Le Pentagone a ajouté ChatGPT Mil et Grok for Government à GenAI.mil, sa plateforme interne d’IA générative déjà équipée de Gemini. Plus qu’un élargissement de catalogue, le choix confirme une architecture pensée pour faire cohabiter plusieurs fournisseurs et permettre aux utilisateurs de sélectionner le modèle le mieux adapté à chaque tâche.
ChatGPT et Grok rejoignent Gemini sur GenAI.mil
Le Pentagone a officialisé le 31 août l’arrivée de ChatGPT Mil et de Grok for Government sur GenAI.mil, sa plateforme d’accès aux modèles d’IA générative. Gemini était jusqu’ici la principale solution disponible. Le département américain indique que GenAI.mil a déjà accueilli plus de 1,7 million d’utilisateurs uniques en neuf mois, sur un effectif total supérieur à trois millions de personnes. La plateforme dépasse donc largement le stade de l’expérimentation limitée à quelques équipes.
ChatGPT Mil et Grok for Government ont tous deux obtenu une accréditation Impact Level 5, ou IL5. Ce niveau permet de traiter des informations sensibles mais non classifiées, dites Controlled Unclassified Information. Le communiqué consacré à ChatGPT Mil précise que l’outil doit notamment servir pour la planification, les politiques internes, la logistique et les tâches administratives.
Pas un modèle unique pour tous les usages
L’intérêt du dispositif apparaît surtout dans la manière dont le Pentagone envisage l’utilisation des différents modèles. Un responsable interrogé par Defense One explique par exemple privilégier Gemini pour certaines fonctions de recherche et d’extraction de sources, tandis que ChatGPT lui paraît plus adapté à des travaux essentiellement textuels. Le même responsable indique que l’objectif est de permettre aux utilisateurs de choisir le modèle qu’ils préfèrent pour une tâche donnée.

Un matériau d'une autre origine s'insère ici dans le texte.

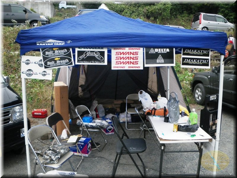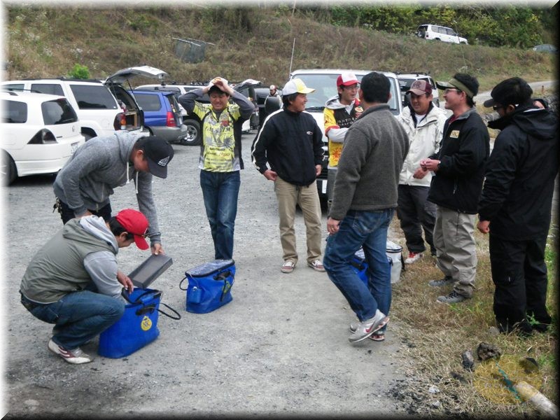 そしてミーティング。第1戦はエバーグリーンカップなんでいつもの如くサル番長こと関和プロの挨拶があってから星野プロルール委員長からの説明。ここで発表されたのが本日の爆風予想による試合時間の短縮。2時間短縮で帰着が11時に。8時にスタートとして3時間。移動なんか入れたら実質釣りできるのは2時間強ですわ。ここでまた迷いまくりです。風が出始るまで大山勝負で考えてたんですが…どないしよー

Cette logique rompt avec un déploiement où une organisation sélectionne un fournisseur unique pour l’ensemble de ses usages. GenAI.mil devient davantage une couche commune donnant accès à plusieurs moteurs spécialisés qu’un produit d’IA générative reposant sur un seul modèle.
Le Pentagone assume d’ailleurs explicitement cette stratégie. Un responsable du département explique à DefenseScoop vouloir bâtir une architecture capable d’éviter le verrouillage par un fournisseur d’IA et de préserver une flexibilité à long terme.
La stratégie multi-fournisseurs dépasse déjà les usages non classifiés
Cette diversification ne se limite pas à GenAI.mil. En mai, le département américain avait annoncé des accords avec huit fournisseurs pour déployer leurs capacités d’IA sur des réseaux classifiés, aux niveaux IL6 et IL7. La liste comprend OpenAI, Google, Nvidia, Microsoft, Amazon Web Services, Oracle, Reflection et SpaceX. Dans ce communiqué, le Pentagone utilisait déjà exactement le même argument de prévention du « vendor lock ».
Le multi-modèles n’est donc pas seulement une manière de tester plusieurs assistants avant d’en retenir un. Il apparaît désormais comme un principe d’architecture appliqué à plusieurs niveaux de sensibilité.
Pour une organisation de cette taille, le choix réduit aussi le risque de voir les usages et les processus internes se structurer entièrement autour des fonctions propriétaires d’un seul fournisseur. Il permet en parallèle de faire évoluer les modèles disponibles sans reconstruire l’ensemble de la couche d’accès utilisée par les personnels.
Les données restent isolées dans l’environnement gouvernemental
La coexistence de plusieurs modèles impose néanmoins de maintenir le même niveau de contrôle sur les données qui leur sont confiées. Dans le cas de ChatGPT Mil, OpenAI indique que le produit fonctionne dans une infrastructure cloud gouvernementale autorisée. Les données traitées restent isolées dans cet environnement et ne sont pas utilisées pour entraîner ou améliorer les modèles publics ou commerciaux de l’entreprise.
La certification IL5 ne permet pas pour autant de traiter des informations classifiées. GenAI.mil reste destiné aux données sensibles non classifiées, tandis que les usages classifiés passent par les environnements distincts prévus dans les accords annoncés au printemps.
Cette séparation est importante car elle montre que l’ouverture à plusieurs modèles ne signifie pas l’ouverture directe des données militaires aux services commerciaux correspondants. Les versions proposées sont intégrées dans un environnement contrôlé et soumises aux règles de sécurité du département.
Cette architecture permet ainsi au Pentagone de diversifier ses fournisseurs sans mélanger les niveaux de sensibilité ni ouvrir directement ses données aux services commerciaux correspondants.